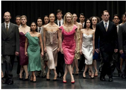
『Pina/ピナ・パウシュ 踊り続けるいのち』
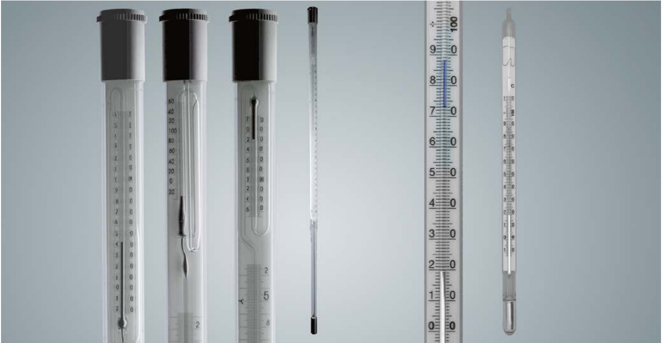
Abbildung 3: Quecksilberverwendung in Spezialthermometern (zum Beispiel Beckmann-Thermometer)

Das Muster ist mit Blick auf die spezifischen innerbetrieblichen Verhältnisse zu prüfen und zu überarbeiten. Die Angaben zu Fluchtweg, Unfalltelefon und Ersthelfer oder Ersthelferin sind zu ergänzen. Die Angaben zu Persönli-
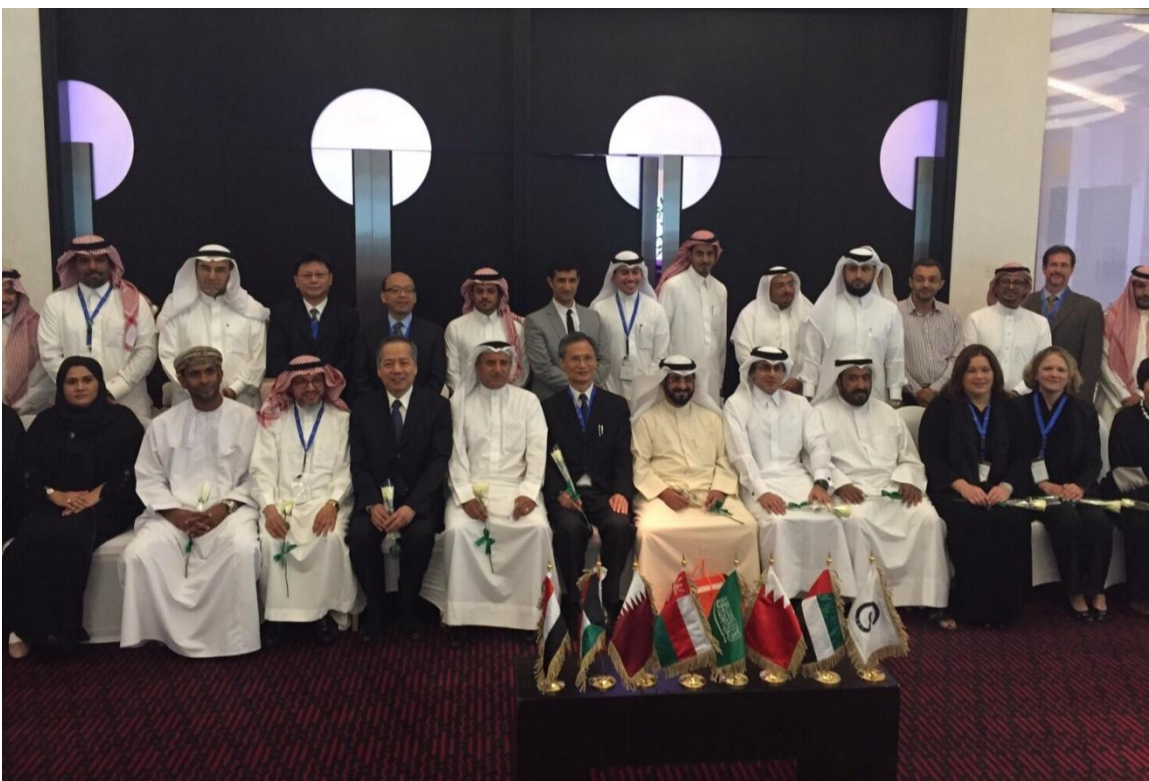
圖 GSO 策略會議主要參與單位會後合影

* * * * *

:: Task to complete ::
Without the pictures, retype exactly the lines from the one that holds "Abbildung 3: Quecksilberverwendung" to the last line of the data above, both of them included.

:: Answer for the task ::
Abbildung 3: Quecksilberverwendung in Spezialthermometern (zum Beispiel Beckmann-Thermometer)

Das Muster ist mit Blick auf die spezifischen innerbetrieblichen Verhältnisse zu prüfen und zu überarbeiten. Die Angaben zu Fluchtweg, Unfalltelefon und Ersthelfer oder Ersthelferin sind zu ergänzen. Die Angaben zu Persönli-
圖 GSO 策略會議主要參與單位會後合影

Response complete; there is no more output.